1993 was another step up, every time Schumacher finished a race it was on the podium and he ended the season with more than double the points of his team mate, Riccardo Patrese, another highly respected driver.

It all came together in the next two seasons for the Benetton team, with Schumacher taking eight victories in 1994 and a record equalling nine in 1995, to become the sports youngest ever double world champion.

Yet it was in a red car that Schumacher would become the most successful racing driver ever. The decision to leave the double world championship winning Benetton team to join the struggling Scuderia Ferrari was one of the biggest and bravest decisions in the history of the sport.

Moreover it was a symbol of Schumacher’s huge will and determination, such would be the effort to bring success back to Maranello, who were a shadow of their glorious former selves, having not won a driver’s championship since 1979.
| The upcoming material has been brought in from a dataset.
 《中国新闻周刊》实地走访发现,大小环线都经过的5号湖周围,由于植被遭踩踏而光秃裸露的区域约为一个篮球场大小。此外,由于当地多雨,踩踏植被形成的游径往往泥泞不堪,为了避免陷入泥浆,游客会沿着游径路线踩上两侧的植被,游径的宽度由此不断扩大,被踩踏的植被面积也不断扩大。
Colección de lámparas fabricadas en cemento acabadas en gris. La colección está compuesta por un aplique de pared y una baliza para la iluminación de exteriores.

Integral to the revival of the team, Team Principal Jean Todt signed the champion’s technical director Ross Brawn and chief designer Rory Byrne, both acclaimed as the best in the business at what they did.
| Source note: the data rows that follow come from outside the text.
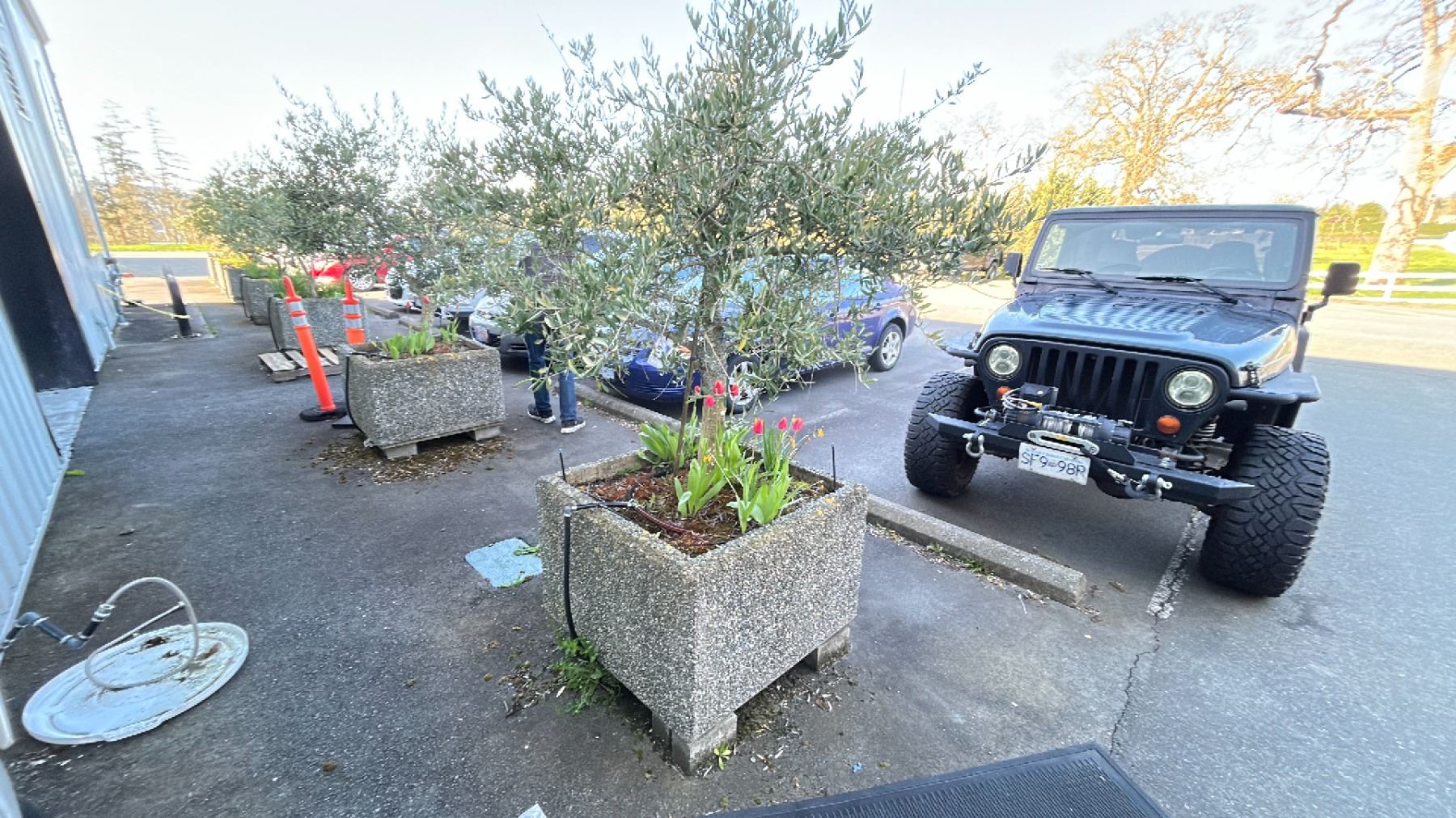 OLIVE TREE PLUS SPRING PLANTS. OVERALL HEIGHT APPROX 7' IN 3'X3' CONCRETE POT APPROX 24" H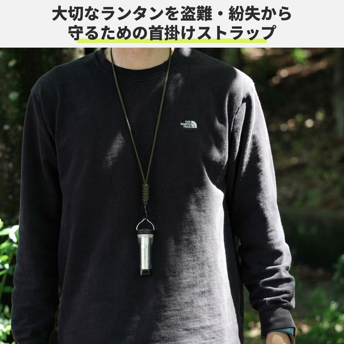 懐中ライトの代わりになる小型ランタンをストラップを首に掛けたまま使用することが可能な絶妙な長さです。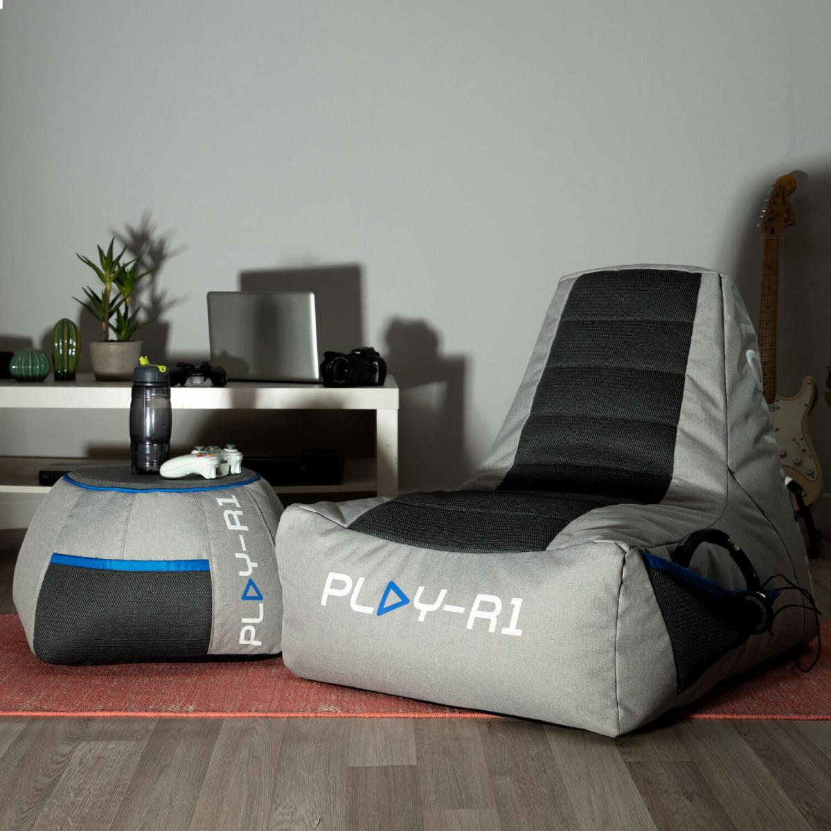 PLAY-R1 Meta Gaming Recliner Bean Bag Chair and Footstool - Grey
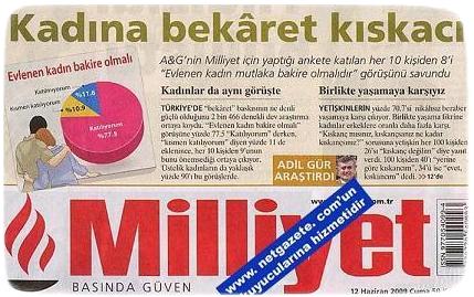 Bekaret tabu olmaktan ‘çıkıyor.’ Gazetelerin eş bulma sutünlarında evleneceği kişide kızlığın söz konusu olmadığını belirten erkekler giderek çoğalıyor. Namus kavramının düşünsel bir özellik olup anatomik yapılarla ölçülemeyeceği düşüncesi yaygınlaşıyor. (Hürriyet, 24.1.1980) Gençlerin bekâaret anlayışı ‘değişti.’ Buna göre, ODTÜ'deki kız öğrencilerin yüzde 96.3'ü ''bekaret ve namus arasında ilişki olmadığını'' belirtirken, yüzde 3.7'si ''kişi kendi iç huzuru için bekaretini korumalıdır, bu da namustur'' yorumunda bulundu. AÜ'deki kız öğrencilerin yüzde 70'i ''bekaret ve namus'' kavramlarını birbirinden ayırırken, yüzde 16'sı ''Bekaret namus için gereken şartlardan biridir'', yüzde 8'i ''Namus bekareti korumaktır'', 6'sı da ''Bekaret namustur'' anlayışına sahip. ''Bekaretin evliliğe saklanmasının gerekliliğine'' ilişkin soru üzerine ODTÜ'deki kız öğrencilerin yüzde 81.5'i bunun şart olmadığını belirtirken, yüzde 3.7'si ''gerekli'' yüzde 14.8'i de ''kesinlikle gerekli'' yanıtını veriyor. AÜ'deki kız öğrencilerin ise yüzde 2'si ''hiç gerekli değil'', yüzde 60'ı ''gerekli değil'', yüzde 6'sı ''gerekli'' ve yüzde 30'u ''kesinlikle gerekli'' yorumunu yapıyor. Öğrencilerin yüzde 2'si ise görüş bildirmek istemiyor. Aynı soru ''Evleneceğiniz kızın bakire olması gerekiyor mu?'' şekliyle erkek öğrencilere sorulduğunda ODTÜ'dekilerin yüzde 33.3'ü ''kesinlikle gerekli'', yüzde 7.4'ü ''gerekli'', yüzde 33.3'ü ''gerekli değil'', yüzde 26'sı ''hiç gerekli değil'' karşılığını veriyor. AÜ'dekilerin ise yüzde 50'si ''kesinlikle gerekli'', yüzde 2'si ''gerekli'', yüzde 48'i de ''gereksiz'' olduğuna inanıyor. (Hürriyet, 4.7.2002) Bekaret bir toplumsal ‘sorun.’ (Nokta Dergisi, 29 Eylül 1985, Yıl:3, Sayı:38) Kadına bekaret ‘kıskacı.’ A&G’nin Milliyet için yaptığı ankete katılan her 10 kişiden 8’i ‘Evlenen kadın mutlaka bakire olmalıdır’ görüşünü savundu. (Milliyet, 12.6.2009)

So the long struggle to the top began, and it was during this period that Schumacher put in some of his classic drives. In an inferior car the German scored four pole positions in 1996 and scored a stunning victory in pouring rain at Barcelona where he lapped all but two of the field and won by 45 seconds, earning him the nickname “Rainmaster”. All this while his team-mate, Eddie Irvine won no races and had no pole positions.
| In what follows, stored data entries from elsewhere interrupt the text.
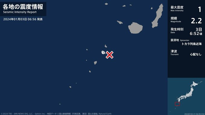震度1 トカラ列島近海 06:52ごろ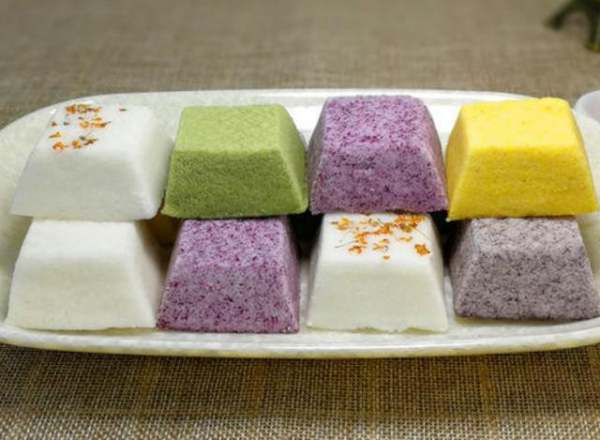 米糕是中国特色传统小吃食品之一。米糕是用黏性大的米或米粉来蒸成,加工制作方便,耐贮藏,食用方法多样。 原料配方 (1)甜米糕:糯米40、白糖或饴糖20、水40。 (2)萝卜米糕:晚籼米29、水30、白萝卜40、盐0.7、辣椒0.25、味精0.05。 (3)发酵米糕:晚籼米25、水30、水麦面粉25、红糖或饴糖19.3、膨松剂0.7。 制作工艺要点 (1)除杂清洗 选择精白糯米除去沙石等杂质,并用清水反复冲洗干净。 (2)浸泡 将洗好的米放在浸泡池中加清水浸泡12~24小时,待米粒发胀,含水率为35%~40%即可。 (3)磨粉 可将浸泡好的米倒入粉碎机料斗,开机把湿米磨成湿米粉。 (4)揉粉 揉米糕怎么做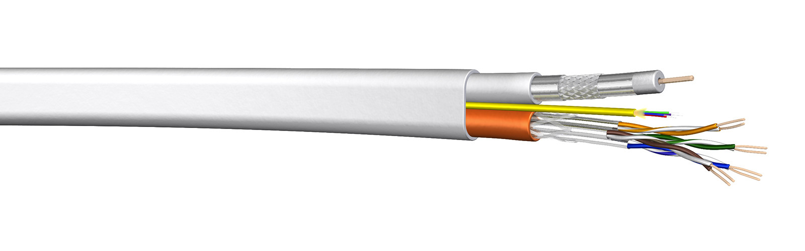 UC HOME Coax10 A+ UC900 HS23+4xBBXS 500DW, UC Home Hybridkabel bestehend aus vier biegeunempfindlichen Singlemodeglasfasern, einem hochgeschirmten dämpfungsarmen Koaxkabel in Schirmungsklasse A+ mit Netzbetreiber-Zulassung und einem Datenkabel UC900 der Kategorie 7, universelles Steigekabel im Geschosswohnungsbau, unter einem Mantel hält es alle Optionen bereit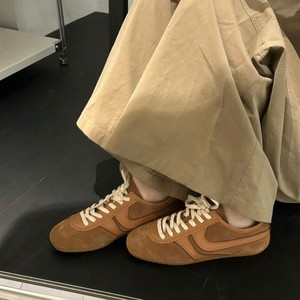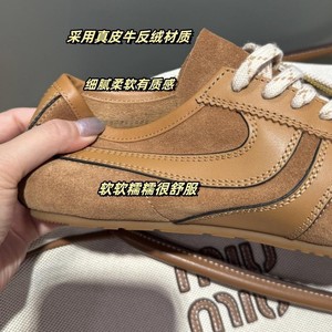 牛皮版~秋季真皮阿甘鞋休闲百搭运动鞋复古系带小众低帮德训鞋女

Five wins in another inferior car followed the year after, however 1997 is most remembered for what Schumacher did at the finale at Jerez.

Struggling against the faster Williams cars, while defending an overtaking move from championship rival Jacques Villeneuve, Schumacher deliberately turned into Villeneuve’s car.

It was an action for which he was disqualified from the championship, but anyone who thought this would change his ways were entirely mistaken.

Schumacher continued to divide opinion, but as he continued to mould his Ferrari team to his desires, having the no-expense-spared car designed to suit his style and specially designed “Schumi” tyres came from Bridgestone success arrived en masse.

Five successive championships came his way between 2000 and 2004 and almost every record tumbled, the peak being 2004 where the German took 13 victories.

It was such a blur of success that the highlights are mostly forgotten.
Yet every streak must end and it soon did. He was replaced as champion by Fernando Alonso and failed in a titanic tussle to regain his championship before his first retirement in 2006.

In 2010 he decided to return aged 40 for Mercedes and to put it bluntly, he failed. His blinding speed had been stunted and his awareness seemed dimmed. He battled on for three seasons and ironically he gained affection for his effort.

Yet this silver epilogue may be soon forgotten, but the majestic memories bathed in red will live on.